We just celebrated the reason why we gather as a church like many churches around the world. The resurrection of Jesus Christ is why we preach, why we have faith, and why we are no longer in our sins ( 1 Cor 15:12-21).
This miraculous work means that Jesus paid in full for our sin through his life, death, burial, and resurrection. This is the greatest news that we would ever hear or know. We need it all, you can not separate one part from the other! One author puts it so well, “Man’s burden of sin and shame is loosed by the cross but then consumed by the empty tomb.”
As we celebrate this great truth, what does that mean in how live today?
Understanding the Tension
There is a tension of living in a post-resurrection part of history. We have the already but not yet tension. Already the work has been done in Christ but the final blow to evil is not yet (Rev 20:7-15). God’s kingdom is already here but not yet here in its fullness.
We have Good Friday and we have the resurrection but there was still Saturday, the day in between those days. There was that tension between Savior’s death and the unknown for the disciples (though Jesus said he would rise again from the dead).
The post-resurrection Christian is like living the Saturday of events between the already but not yet. Christ rose and is alive; we now await the not yet. There is still anguish and despair in this in-between but what we await in the not yet of glories forevermore (2 Cor 4:17). We live in the tension of enduring in this world yet not being of this World.

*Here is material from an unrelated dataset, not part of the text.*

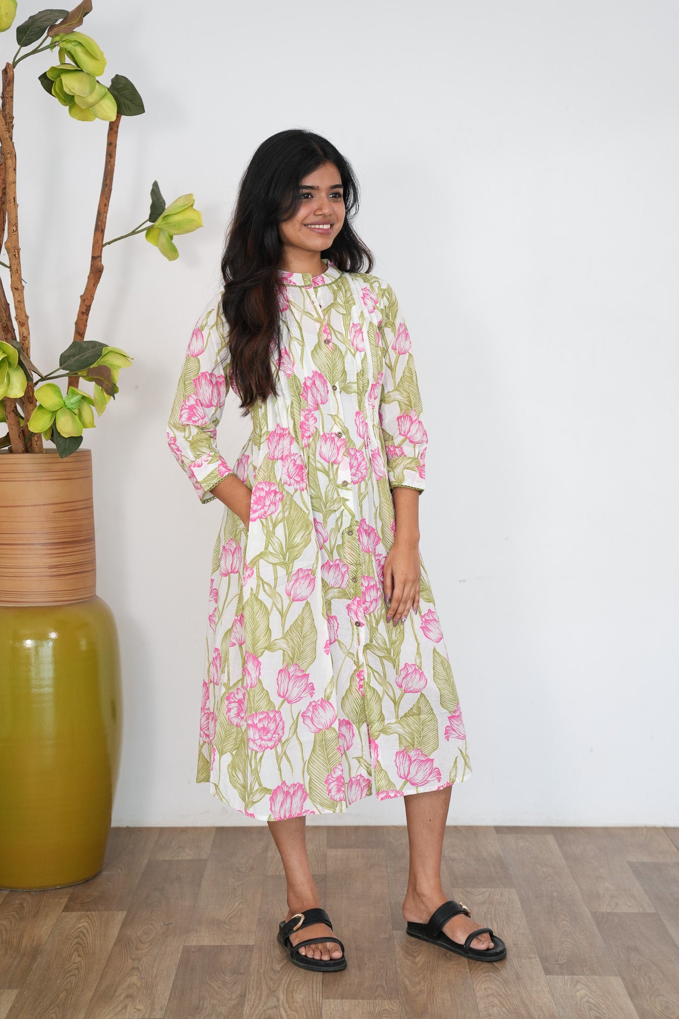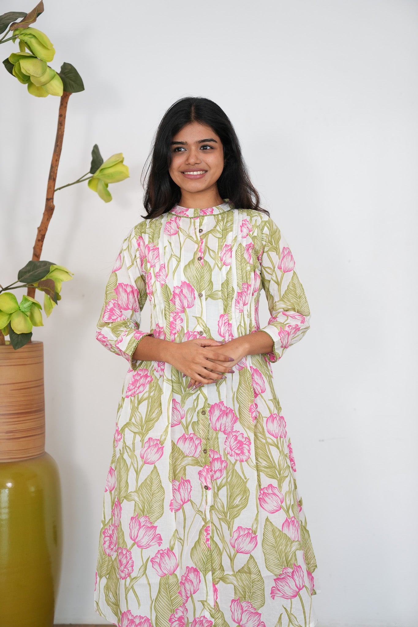 The kurti comes with mandarin neck and elbow length sleeves and with vibrant colour mixtures. It can be paired with cotton pants or jeans to pull of that comfortable look!!

So we await even with this tension of the already but not yet with what the author of Hebrews directs us, “Therefore, since we are surrounded by so great a cloud of witnesses, let us also lay aside every weight, and sin which clings so closely, and let us run with endurance the race that is set before us, looking to Jesus, the founder and perfecter of our faith, who for the joy that was set before him endured the cross, despising the shame, and is seated at the right hand of the throne of God” (Heb 12:1-2).
The Resurrection Changes Everything
There are a few events in my life that has changed me forever. Getting married to my best friend Alyssa. Another is having three wonderful children (parenting in and of itself changes you). Being exposed to some amazing aspects of God’s creation that will stick with you forever.
But all of these still fail in comparison to how the resurrection changes everything presently and eternally.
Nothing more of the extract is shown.